* Required action *
Your answer must be the line containing "Zirbenschlafzimmer mit Zirbenbett" and each following line to the end of the listing below, copied exactly, with pictures removed and nothing added.

Data section START

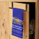 A glorious and luxurious kitchen towel for an auto body shop and painting business reception area. The logo is a sports car with an incredible paint job on a rich, royal blue metallic-look background. Customise with your details and give a strap line, quote or personal message to give a professional feel and really sell your service. These also make great promotional giveaways to help market your business
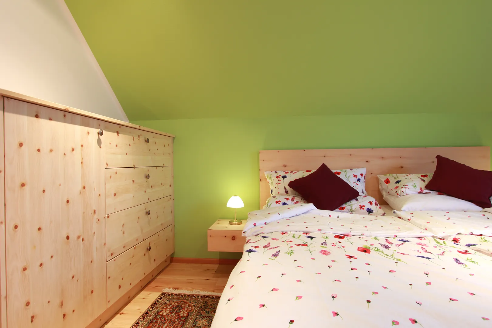 Zirbenschlafzimmer mit Zirbenbett und Zirbenkommode
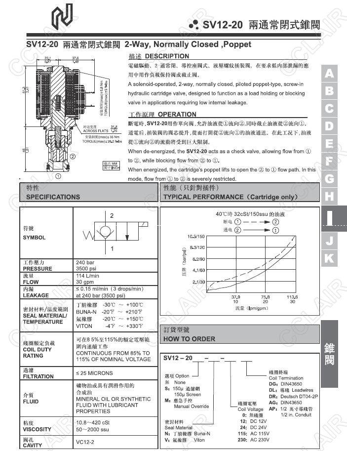 Northman臺灣北部精機,兩通常閉式錐閥SV12-20S-N-0-DG,SV12-20S-N-0-DL,SV12-20S-V-12-DR,SV12-20S-V-12-AG,SV12-20S-V-12-AP,SV12-20M-N-230-DG,SV12-20M-N-230-DL,SV12-20M-N-230-DR,SV12-20M-V-230-AG,SV12-20M-V-230-AP
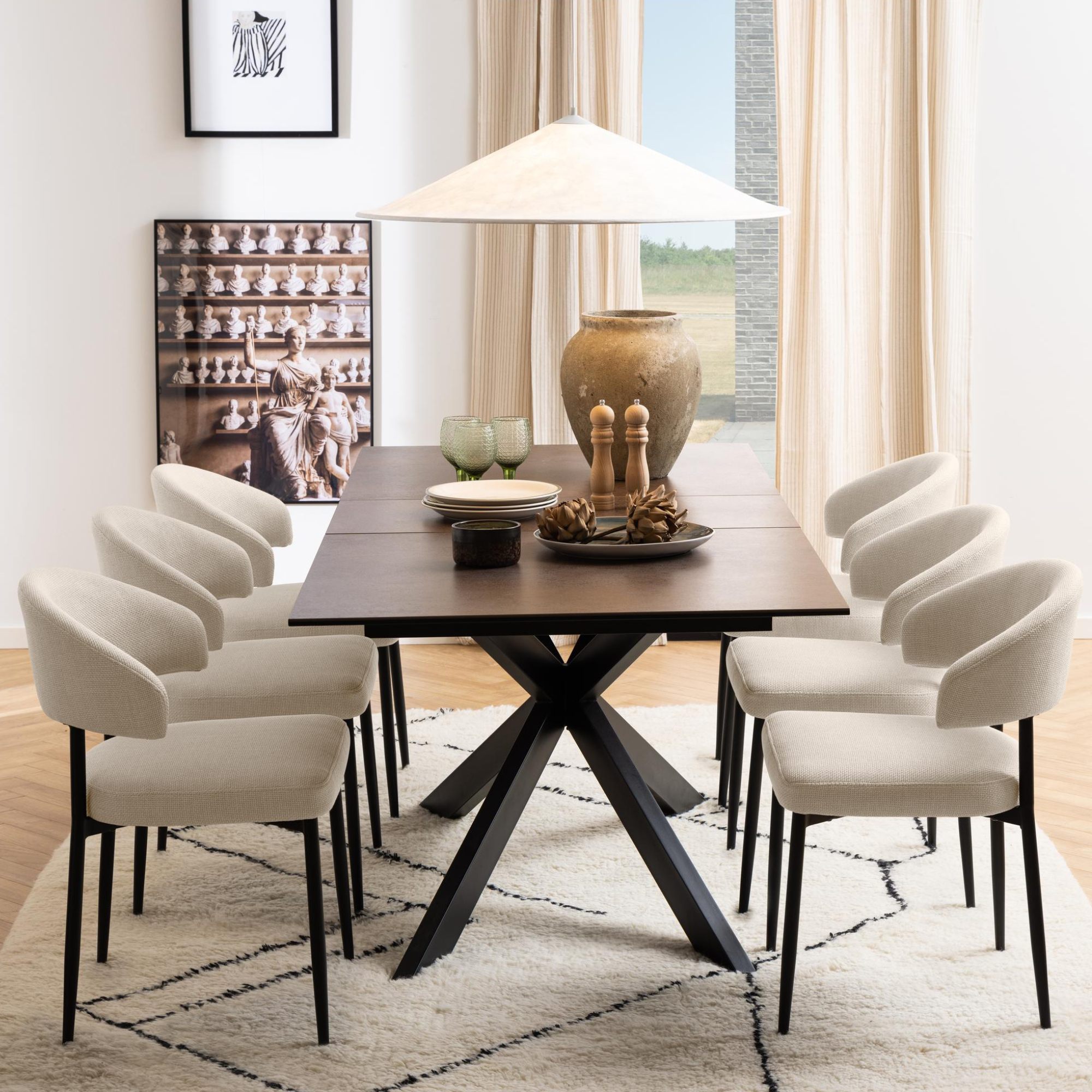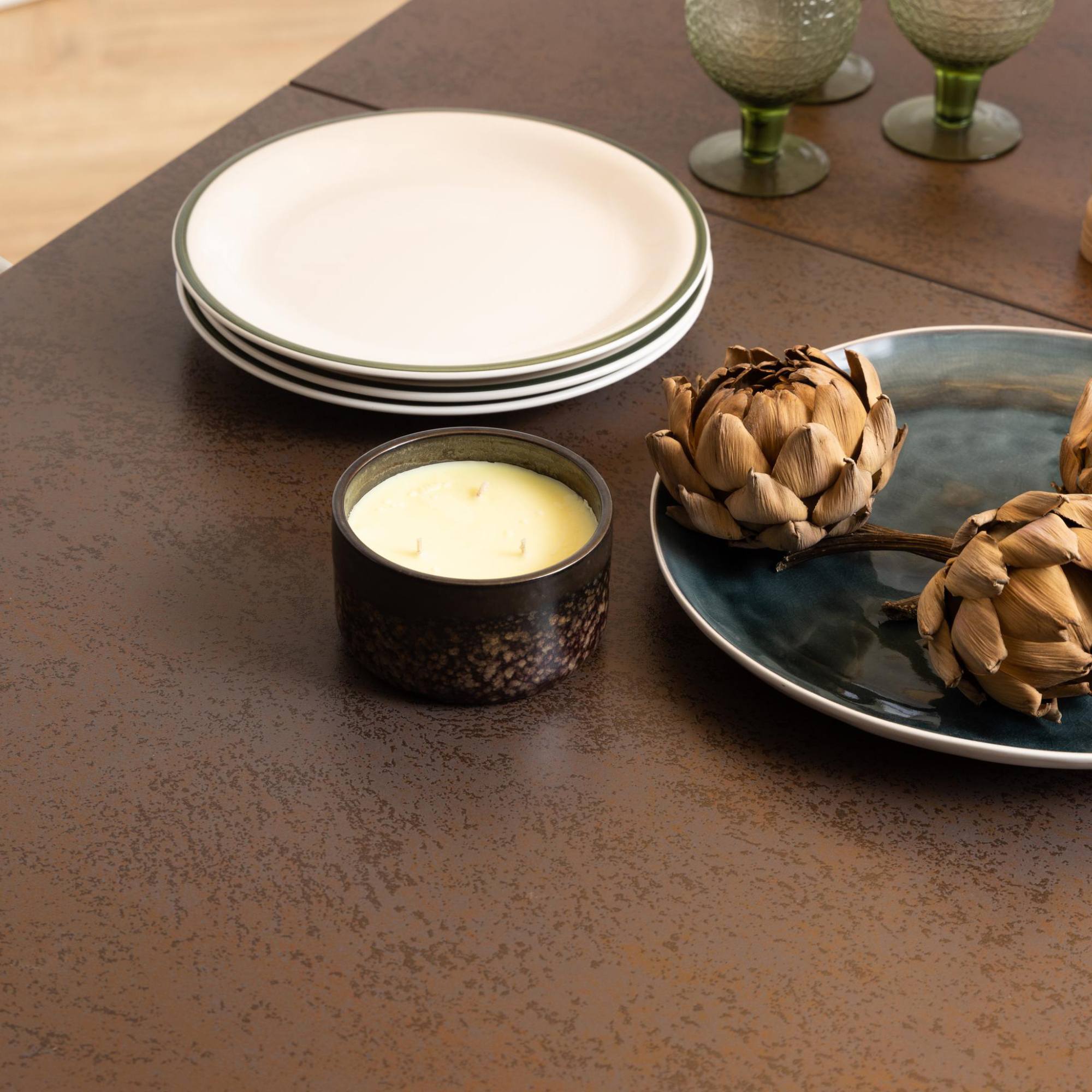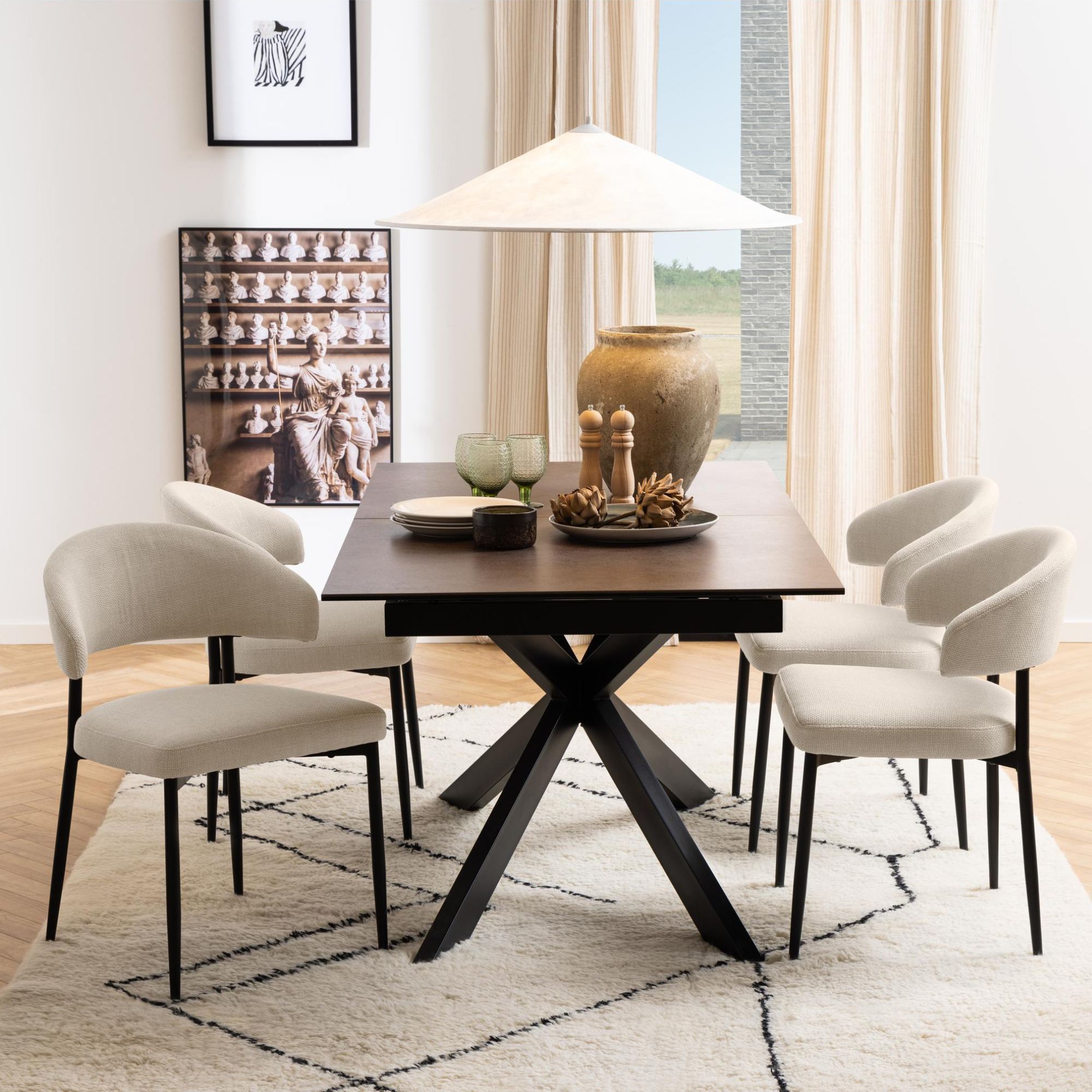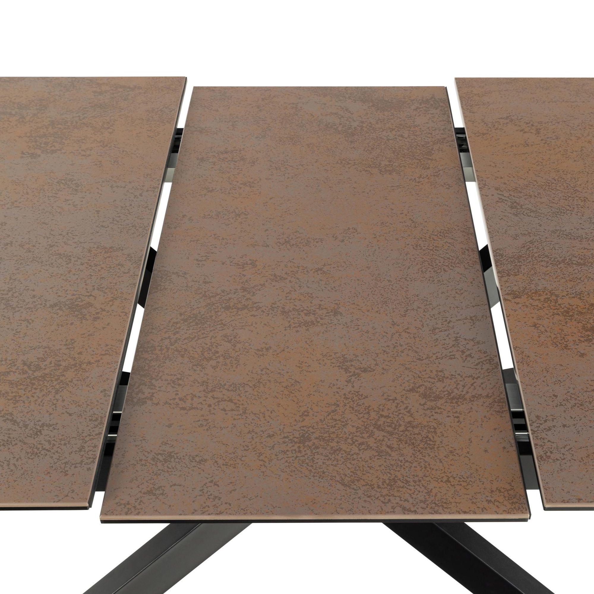 Tento stôl vyniká mimoriadnou stabilitou, za ktorú vďačí pevným kovovým nohám pokrytým matným lakom. Jeho doska je vyrobená z keramiky, a tak je odolná voči teplu. Pretože je pre tieto materiály charakteristická ľahká udržiavateľnosť, nebude starostlivosť o stôl vyžadovať veľa času ani námahy.

Data section END

* Answer space *
 Zirbenschlafzimmer mit Zirbenbett und Zirbenkommode
 Northman臺灣北部精機,兩通常閉式錐閥SV12-20S-N-0-DG,SV12-20S-N-0-DL,SV12-20S-V-12-DR,SV12-20S-V-12-AG,SV12-20S-V-12-AP,SV12-20M-N-230-DG,SV12-20M-N-230-DL,SV12-20M-N-230-DR,SV12-20M-V-230-AG,SV12-20M-V-230-AP
 Tento stôl vyniká mimoriadnou stabilitou, za ktorú vďačí pevným kovovým nohám pokrytým matným lakom. Jeho doska je vyrobená z keramiky, a tak je odolná voči teplu. Pretože je pre tieto materiály charakteristická ľahká udržiavateľnosť, nebude starostlivosť o stôl vyžadovať veľa času ani námahy.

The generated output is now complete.